— The problem —
The part below that opens with the line containing "Официальный инстаграм футбольного" and closes with the line containing "黄金目前还是属于多头趋势之上" should be copied exactly, minus any pictures.

— Supplied records —
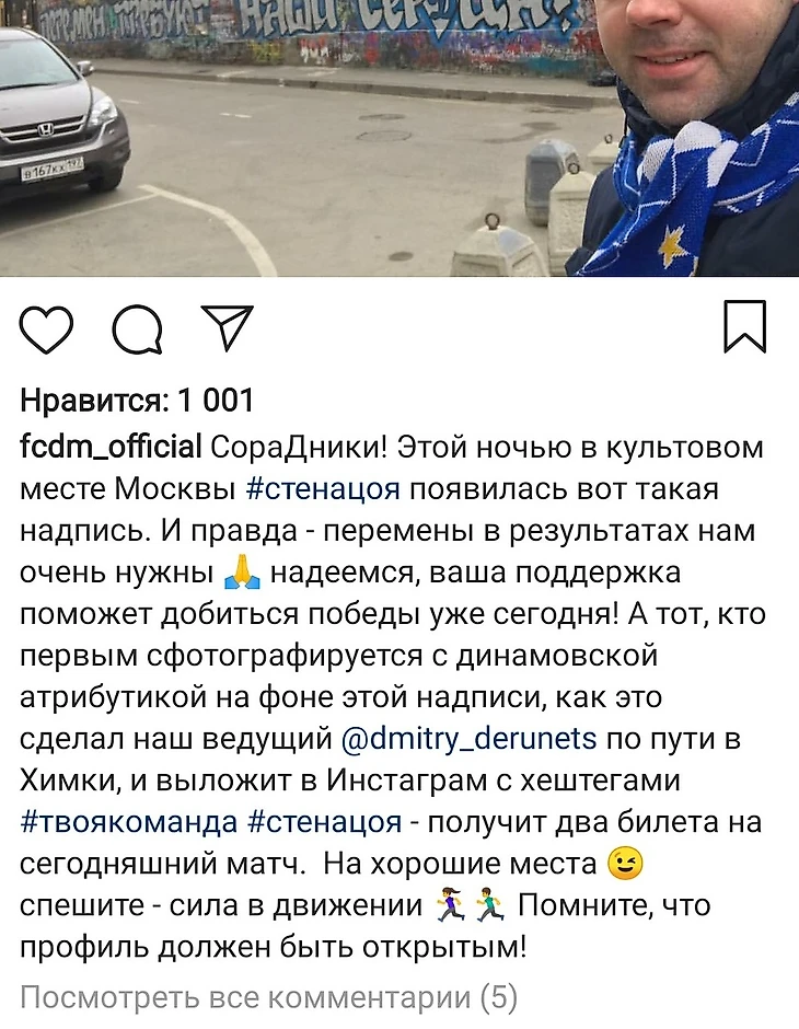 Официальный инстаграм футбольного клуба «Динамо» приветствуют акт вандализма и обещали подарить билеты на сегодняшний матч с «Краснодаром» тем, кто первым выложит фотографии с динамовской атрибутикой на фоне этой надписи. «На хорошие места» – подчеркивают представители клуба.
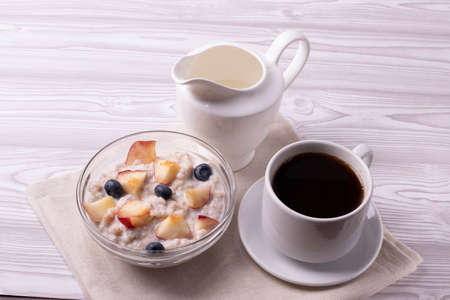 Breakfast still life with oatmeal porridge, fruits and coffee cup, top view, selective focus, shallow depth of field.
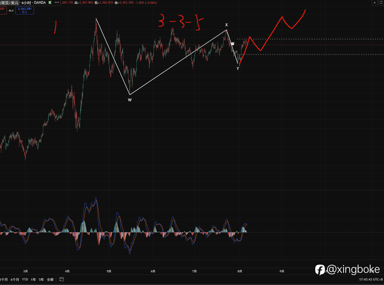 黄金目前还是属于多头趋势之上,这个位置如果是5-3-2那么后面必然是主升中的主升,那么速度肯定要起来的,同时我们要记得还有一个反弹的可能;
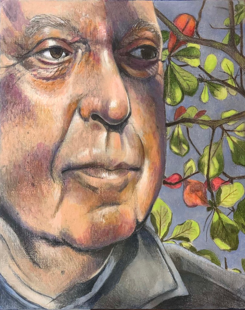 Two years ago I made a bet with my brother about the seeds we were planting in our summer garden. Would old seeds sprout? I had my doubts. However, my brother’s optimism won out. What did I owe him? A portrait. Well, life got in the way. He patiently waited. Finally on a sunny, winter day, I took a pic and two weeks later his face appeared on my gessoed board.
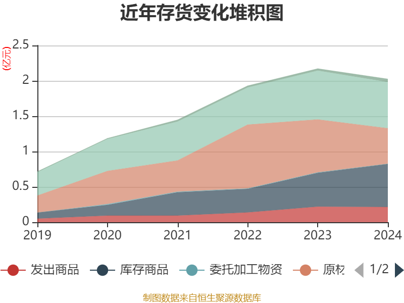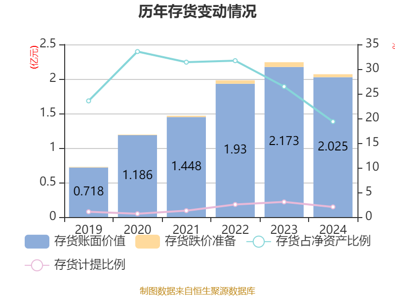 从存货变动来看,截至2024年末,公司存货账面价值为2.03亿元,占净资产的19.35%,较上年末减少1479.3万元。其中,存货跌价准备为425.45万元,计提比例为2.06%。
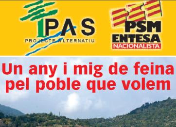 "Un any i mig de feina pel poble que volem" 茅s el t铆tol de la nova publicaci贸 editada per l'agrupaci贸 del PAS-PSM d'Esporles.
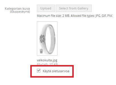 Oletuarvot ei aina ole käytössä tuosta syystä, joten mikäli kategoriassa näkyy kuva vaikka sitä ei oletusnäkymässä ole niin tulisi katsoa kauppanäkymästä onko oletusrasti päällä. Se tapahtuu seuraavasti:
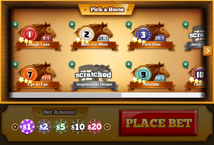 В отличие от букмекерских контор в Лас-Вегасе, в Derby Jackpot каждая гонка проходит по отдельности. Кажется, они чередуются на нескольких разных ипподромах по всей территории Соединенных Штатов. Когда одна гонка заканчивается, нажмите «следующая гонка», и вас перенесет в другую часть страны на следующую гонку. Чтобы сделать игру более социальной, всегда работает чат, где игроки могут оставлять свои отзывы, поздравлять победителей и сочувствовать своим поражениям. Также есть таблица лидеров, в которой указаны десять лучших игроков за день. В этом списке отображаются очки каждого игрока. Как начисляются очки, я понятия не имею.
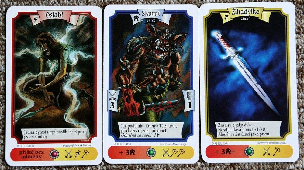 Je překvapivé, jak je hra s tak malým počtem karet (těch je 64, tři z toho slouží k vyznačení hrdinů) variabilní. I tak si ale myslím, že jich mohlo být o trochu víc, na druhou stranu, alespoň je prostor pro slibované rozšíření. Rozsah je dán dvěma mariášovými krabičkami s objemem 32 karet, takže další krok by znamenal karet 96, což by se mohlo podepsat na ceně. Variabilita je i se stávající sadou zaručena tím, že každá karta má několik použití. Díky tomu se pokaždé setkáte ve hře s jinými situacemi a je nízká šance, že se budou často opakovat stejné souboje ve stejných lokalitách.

* * *

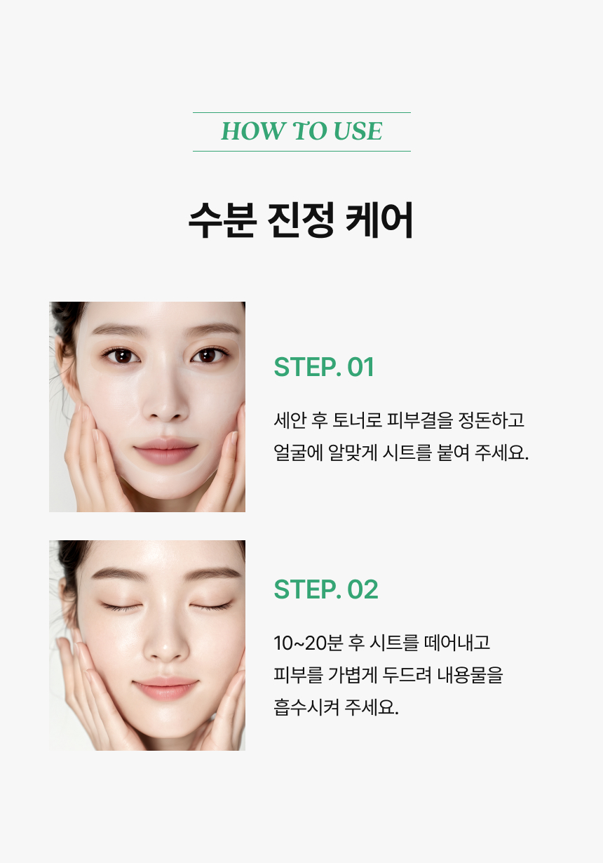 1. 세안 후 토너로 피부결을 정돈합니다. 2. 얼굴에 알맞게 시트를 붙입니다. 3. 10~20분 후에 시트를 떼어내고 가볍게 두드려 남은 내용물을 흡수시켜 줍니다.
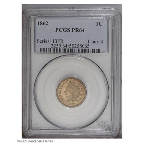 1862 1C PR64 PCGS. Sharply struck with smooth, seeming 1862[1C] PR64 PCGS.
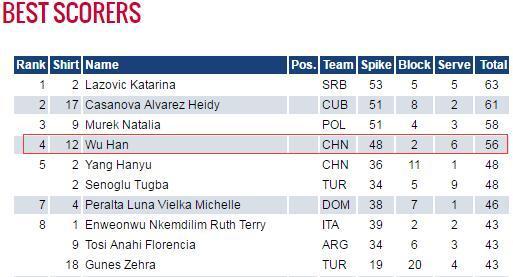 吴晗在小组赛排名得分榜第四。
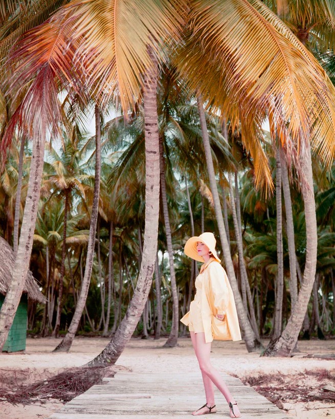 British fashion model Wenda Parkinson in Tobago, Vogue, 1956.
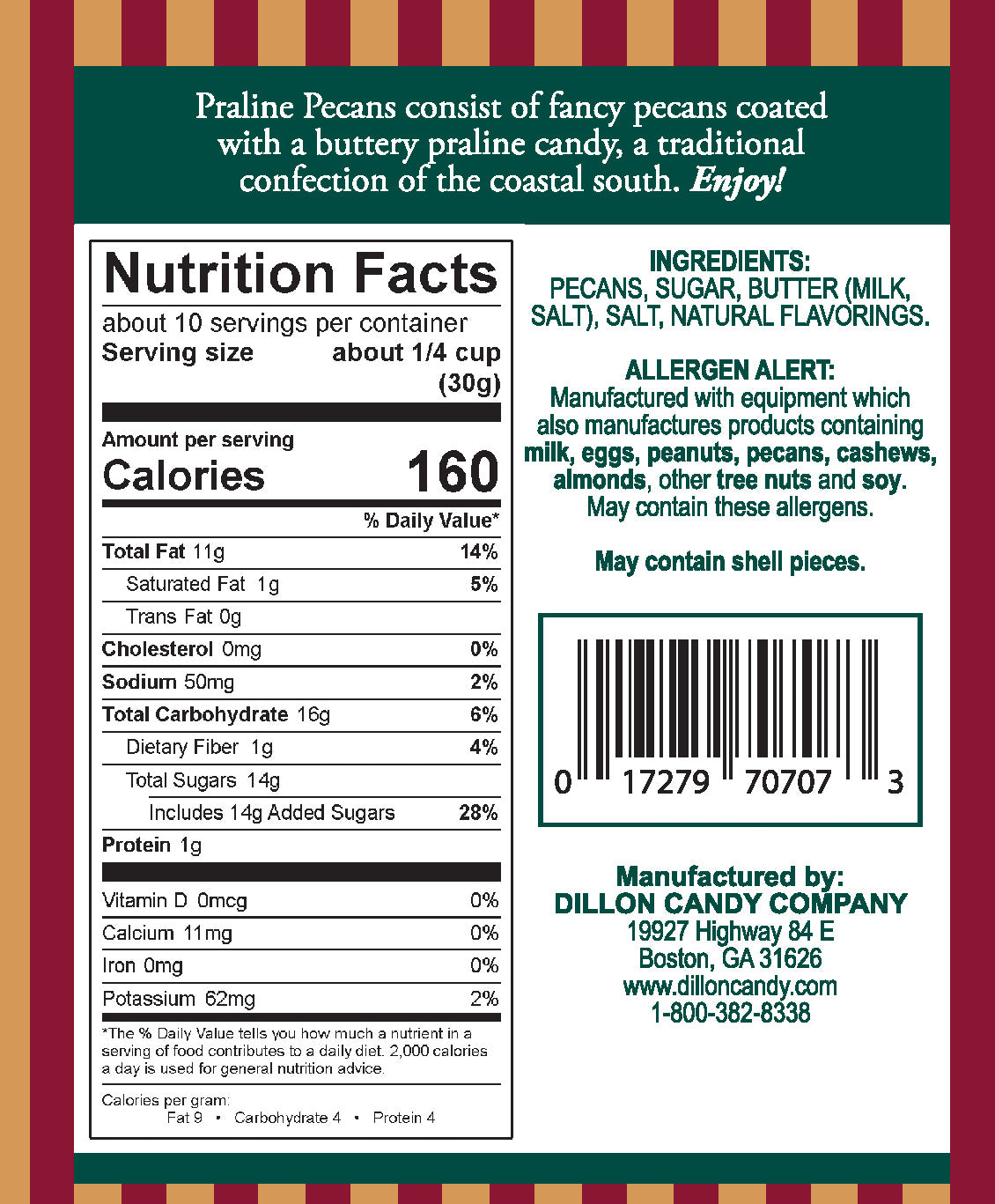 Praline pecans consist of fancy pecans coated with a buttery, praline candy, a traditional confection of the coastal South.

— Answer box —
 Официальный инстаграм футбольного клуба «Динамо» приветствуют акт вандализма и обещали подарить билеты на сегодняшний матч с «Краснодаром» тем, кто первым выложит фотографии с динамовской атрибутикой на фоне этой надписи. «На хорошие места» – подчеркивают представители клуба.
 Breakfast still life with oatmeal porridge, fruits and coffee cup, top view, selective focus, shallow depth of field.
 黄金目前还是属于多头趋势之上,这个位置如果是5-3-2那么后面必然是主升中的主升,那么速度肯定要起来的,同时我们要记得还有一个反弹的可能;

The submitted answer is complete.